Our simulations show that the Squared Bias of this estimator accounts for less than 0.1% of its Mean Squared Error:
theta.bias2 <- (theta.exp - theta.pop) ^ 2
theta.mse <- theta.bias2 + vartheta.popest
(squared_bias_over_mse <- 100 * (theta.bias2 / theta.mse))
## [1] 0.05847158
Next, we evaluate the Percentage Coverage Rate (PCR). In theory, under repeated sampling, the estimated 95% CIs should cover the population parameter approximately 95% of the time.
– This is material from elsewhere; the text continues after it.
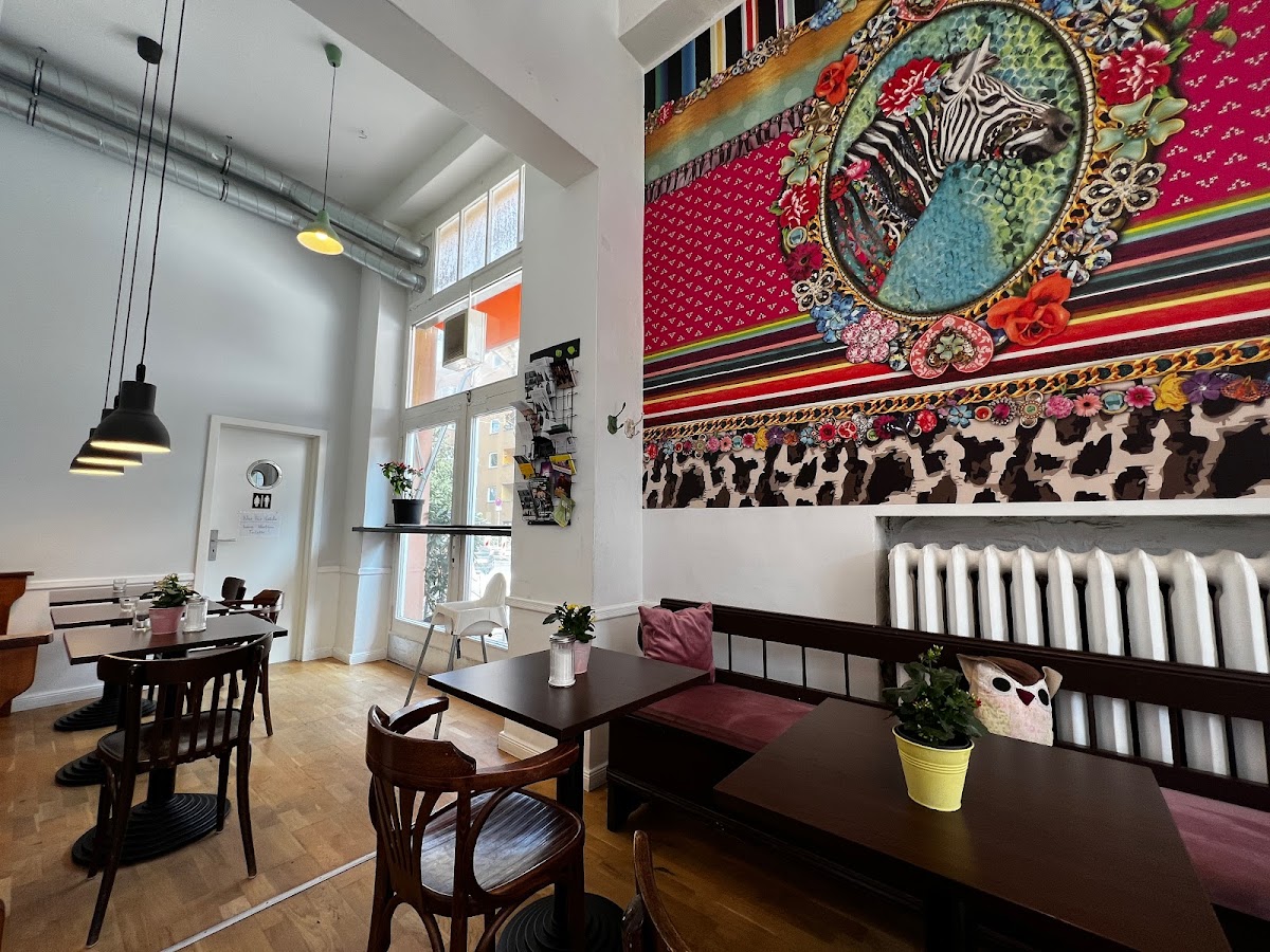 Very nice little cafe with the best crumble cake I've had in a long long while. The place is pretty kidsfriendly and nice to relax after the hard work on the kids playground. The ambient invites young people and parents.

We can evaluate that using:
# estimate confidence intervals of the Watts index
# for each of the samples
est.coverage <-
sapply(watts.estimate.list, function(this.stat)
confint(this.stat)[, 1] <= theta.pop &
confint(this.stat)[, 2] >= theta.pop)
# evaluate empirical coverage
(empirical_coverage <- mean(est.coverage))
## [1] 0.9268
Our coverages are not too far from the nominal coverage level of 95%.
For the Watts index decomposition, we start by computing the (true) population values of the components:
# compute population value of the Watts index decomposition
inc.pos <- eusilcP$eqIncome[eusilcP$eqIncome > 0]
wdec1 <-
mean(ifelse(inc.pos <= 10000 , log(10000 / inc.pos) , 0) , na.rm = TRUE)
wdec2 <- mean(inc.pos <= 10000 , na.rm = TRUE)
mu.poor <- mean(inc.pos [inc.pos <= 10000])
wdec3 <- log(10000 / mu.poor)
wdec4 <-
-mean(log(inc.pos[inc.pos <= 10000] / mu.poor) , na.rm = TRUE)
theta.pop <-
c(
"watts" = wdec1 ,
"fgt0" = wdec2 ,
"watts pov. gap ratio" = wdec3 ,
"theil(poor)" = wdec4
)
theta.pop
## watts fgt0 watts pov. gap ratio
## 0.05025374 0.11399096 0.33497664
## theil(poor)
## 0.10588056
Then, using the same sampling strategy of the svywatts
, we compute the svywattsdec
for each sample:
# simulation function
wattsdec_sim_fun <- function(this.iter) {
set.seed(this.iter)
library(survey)
library(convey)
library(sampling)
# load pseudo population data
data("eusilcP" , package = "simPop")
# compute size-like variable for PPS sampling design
eusilcP$aux <-
log(ifelse(eusilcP$eqIncome >= 1000 , eusilcP$eqIncome , 1000))
# select sample
tt <-
sampling::cluster(
data = eusilcP[sample.int(nrow(eusilcP) , nrow(eusilcP) , replace = FALSE) , ] ,
clustername = "hid" ,
size = 1000L ,
method = "systematic" ,
pik = eusilcP$aux
)
# collect data
this.sample <- getdata(eusilcP , tt)
# create survey design object
this.desobj <-
svydesign(
ids = ~ hid ,
probs = ~ Prob ,
data = this.sample ,
nest = FALSE
)
# prepare for convey functions
this.desobj <- convey_prep(this.desobj)
# filter positive incomes
this.desobj <- subset(this.desobj , eqIncome > 0)
# compute estimates
svywattsdec(~ eqIncome , this.desobj , abs_thresh = 10000)
}
# run replications
cl <- makeCluster(detectCores() - 1)
wattsdec.estimate.list <-
clusterApply(cl, seq_len(mc.rep) , wattsdec_sim_fun)
stopCluster(cl)
The PRB of each component is estimated using the code below. Notice that PRBs are relatively small, with absolute values below 1%, with the largest bias in the Theil index component.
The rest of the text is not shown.